• REQUIREMENT
For this exercise, write out the whole listing below exactly, omitting its images.

• INFORMATION PROVIDED
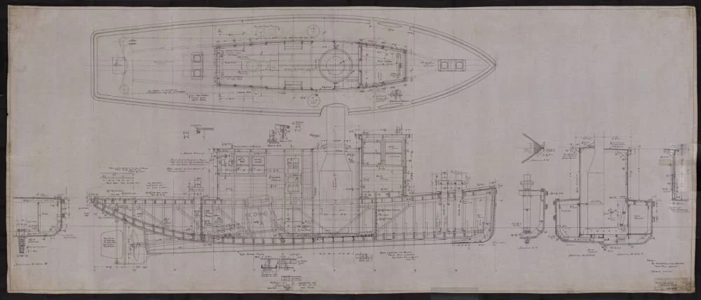 Interestingly, all windows onboard were sashed so they could be opened & closed individually at the crew’s desire; a design less seen on work boats of the time.
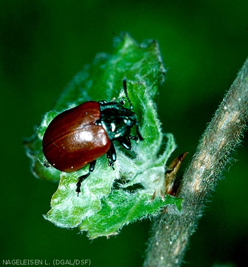 Le décapage de feuilles par les larves aboutit à un aspect parcheminé (nervures respectées). Le grignotage par les adultes provoque une criblure des feuilles (petites perforations).
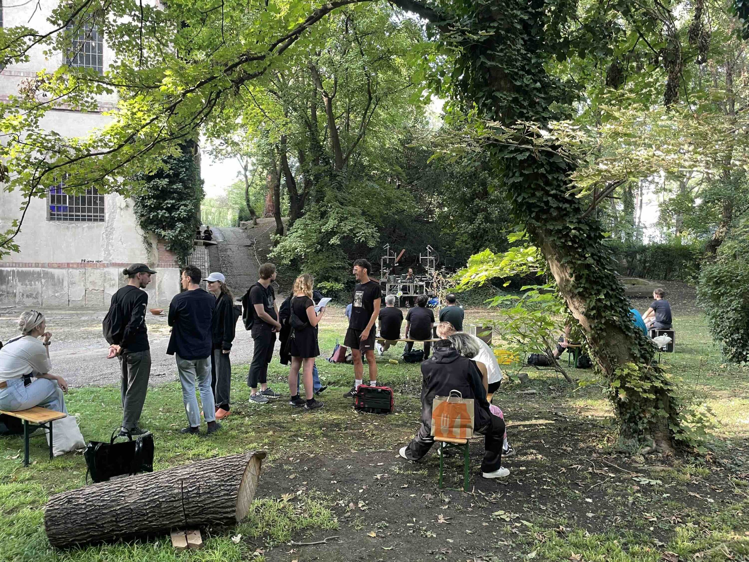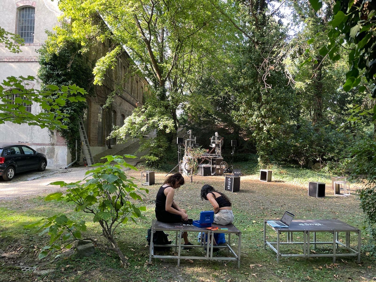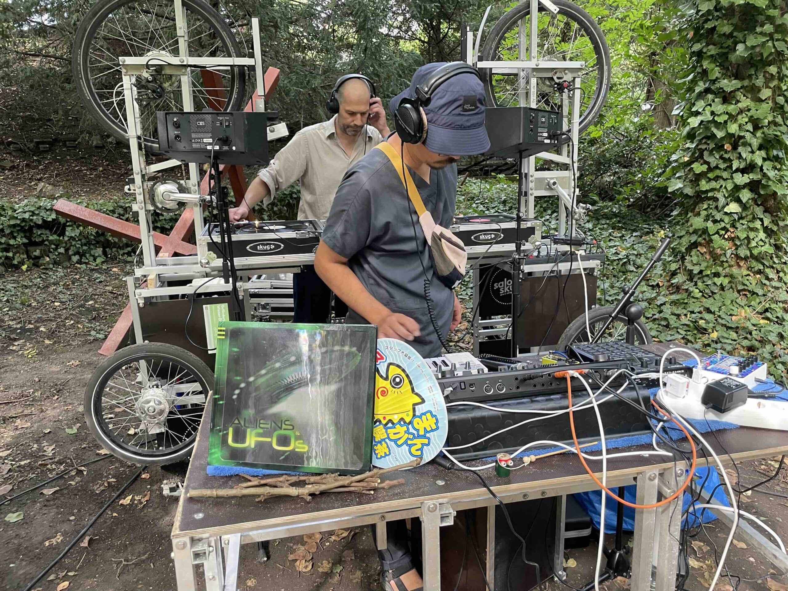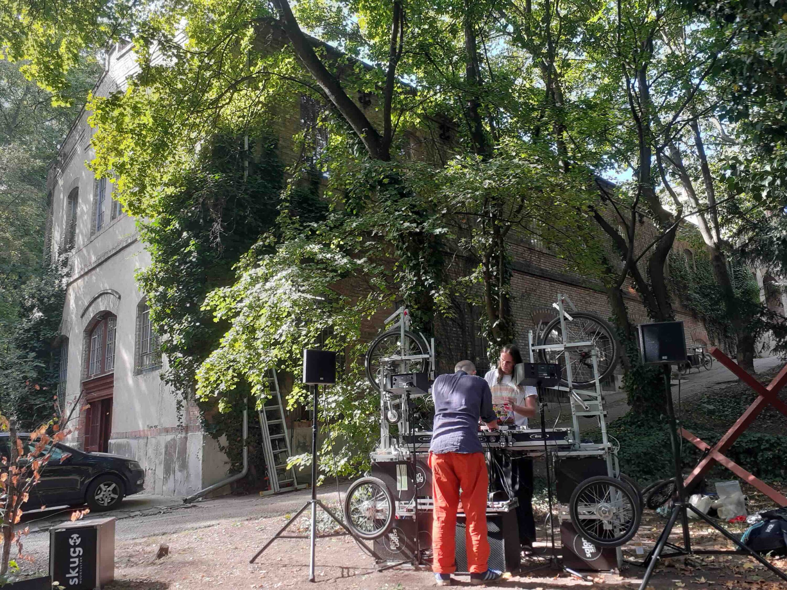 skug wollte sich das natürlich nicht entgehen lassen. Als uns die ehemalige skug-Autorin Shilla fragte, ob wir kooperieren wollen, mussten wir nicht lange überlegen. »Einen Salon-skug-Export in der Zacherlfabrik? Yes, please!« Bei der Eventlocation handelt es sich um ein wunderschönes Fabriksgelände mitten im 19. Wiener Gemeindebezirk. Ab 1870 ließ der Industrielle Johann Zacherl dort Insektizide herstellen. Die Idee hatte er aus Tiflis. Inspiriert davon wurde das Gebäude im orientalistischen Stil errichtet. Nachdem es jahrzehntelang leer stand, bietet es heute einen Raum für Kunstprojekte. Im schattigen Garten stellten wir unsere Räder auf. Zwei Tage Nachmittagsprogramm, zwei Tage Erstaunliches im öffentlichen Raum hörbar machen.

• RESULT OF THE EXERCISE
 Interestingly, all windows onboard were sashed so they could be opened & closed individually at the crew’s desire; a design less seen on work boats of the time.
 Le décapage de feuilles par les larves aboutit à un aspect parcheminé (nervures respectées). Le grignotage par les adultes provoque une criblure des feuilles (petites perforations).
 skug wollte sich das natürlich nicht entgehen lassen. Als uns die ehemalige skug-Autorin Shilla fragte, ob wir kooperieren wollen, mussten wir nicht lange überlegen. »Einen Salon-skug-Export in der Zacherlfabrik? Yes, please!« Bei der Eventlocation handelt es sich um ein wunderschönes Fabriksgelände mitten im 19. Wiener Gemeindebezirk. Ab 1870 ließ der Industrielle Johann Zacherl dort Insektizide herstellen. Die Idee hatte er aus Tiflis. Inspiriert davon wurde das Gebäude im orientalistischen Stil errichtet. Nachdem es jahrzehntelang leer stand, bietet es heute einen Raum für Kunstprojekte. Im schattigen Garten stellten wir unsere Räder auf. Zwei Tage Nachmittagsprogramm, zwei Tage Erstaunliches im öffentlichen Raum hörbar machen.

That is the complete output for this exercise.